The big picture: Researchers changed how they define "downtown." They used to define it by ZIP codes with the highest job density, but now do so by broader areas with the highest concentration of jobs.
- They also shifted from using two location data sources to one (analysis is based on anonymized mobile device location data) and looked at a slightly more current time frame as compared to their last update in August.
Zoom in: The new map of downtown now includes most of Old Town and Pearl District as well as Portland State University's campus — incorporating cultural hotspots like Powell's Books, the Keller Auditorium, North Park Blocks, and Portland Art Museum, but not Providence Park.
- Researchers previously defined downtown Portland as existing between NW Naito Pkwy (along the Willamette River) to SW Broadway (above Pioneer Courthouse) and the Burnside Bridge to the Hawthorne Bridge.
What they're saying: School of Cities director and project leader Karen Chapple says the decision to change the definition of "downtown" came after pushback from some cities and business associations.
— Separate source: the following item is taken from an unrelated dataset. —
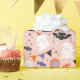 Cute Halloween Party Ghosts with Balloons, Bats, Candy and stars on pink background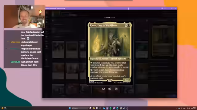 01:16:32Es geht um persönliche Magic-Projekte und Spielabende. So freut sich der Streamer auf ein Treffen mit Freunden zum Spielen, wobei er oft unkonventionelle Meme-Decks baut, die er gegen erfahrene Spieler mit etablierten Strategie-Karten wie Gamechanger antreten lässt. Gleichzeitig erwähnt er sein aktuelles Deck Kaust auf Auge und plant, im Stream eines seiner Lieblingsdecks vorzustellen, das Teil einer bevorstehenden Kooperation ist. Das neue Set Edge of Eternity wird dabei kritisch betrachtet, da die Booster-Öffnung wenig Freude bereitete, und es besteht die generelle Absicht, zukünftig gezielter günstige Singles statt Booster zu erwerben.

- "We've looked at cities' own definitions of downtown, but those boundaries are historic and don't reflect where the current buildings are, or they're political, or they've been drawn to match Census boundaries," Chapple tells Axios. "So they have the same flaws as using ZIP codes."
- "So we decided to go with job densities ... figuring that's what people really care about — these are the hearts of our regions and of our cities."
What's next: Chapple's team is about to roll out a new widget allowing users to choose from different versions of "downtown," to illustrate how any given city's numbers might change depending on the chosen area.
The bottom line: Ask 100 people to draw you a map of "downtown," and you'll get 100 different maps.
- That's the big challenge with analyses like this — but as long as they're grounded in decently sound logic and the approach is thoughtfully refined based on feedback, they're insightful nonetheless.